Miguel Faílde Pérez (23 December 1852, in Guacamaro, Matanzas – 26 December 1921) was a Cuban musician and bandleader. He was the official originator of the danzón, composer of the first danzón, Las alturas de Simpson, and the founder of the Orquesta Faílde.

== Biography ==
Faílde's father was a Galician immigrant, and his mother a parda (dark mulata). He was first taught music by his father, who was a trombone player, and at ten played cornet in the Banda de Bomberos (firemen) de Matanzas. Later he learnt harmony and composition under a French tutor, Federico Peclier. He also learnt the viola and double bass. Faílde was one of many musicians who actively conspired against the Spanish colonial rule; his life included the time of the Cuban War of Independence.

His orchestra was highly successful, though his major achievements were the creation of the danzón and the compositions he wrote, many of which have been adapted since for other rhythms. The danzón was, in his own words, a development of the danza, and that was the child of the contradanza. "De la danza al danzón había un simple paso." (from the danza to the danzón is a simple step) Actually, it was not quite such a simple step. For a start, the danzón was a much slower dance than both the contradanza and the danza; and it allowed for pauses between the different sections of a number. Both these features were welcomed in the tropical climate of Cuba. Perhaps even more significantly, the danzón was a couple dance, though not a moving one like the waltz. The contradanza and danza were both sequence dances involving the whole dance-floor, as were all ballroom dances before the waltz.
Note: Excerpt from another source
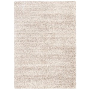 The tone-on-tone pattern exudes a subtle elegance, incorporating a blend of ivory and beige hues to create a warm, inviting atmosphere in any room. The design features a gentle flow of color that adds depth and interest, making it a versatile addition to both contemporary and traditional decors. With its comforting softness and sophisticated appearance, this shag rug not only becomes a centerpiece but also a fundamental part of your homes comfort and style.

The habanera was the established favourite before the danzón came on the scene. It was also a slow dance, and a descendant of the contradanza. The habanera had the advantage of being a sung genre, which the danzón was not until much later. Both genres made use of syncopated creole rhythms; in the danzón it is the cinquillo. In retrospect it is often difficult to see why one genre is preferred to another; the quality of compositions and the orchestras which choose to play it must have some influence.

Did Faílde really invent the danzón? The doubt is caused by the work of Manuel Saumell, who anticipated many of the rhythms which came later in the 19th century, and who may be the most important Cuban composer of that century. At length the Cuban government made Faílde the official inventor of the danzón - in 1960, by which time the danzón had become a relic, and its 'child', the chachachá, had taken over.

After his death in 1921 he was interred in the Necropolis San Carlos Borromeo, Matanzas.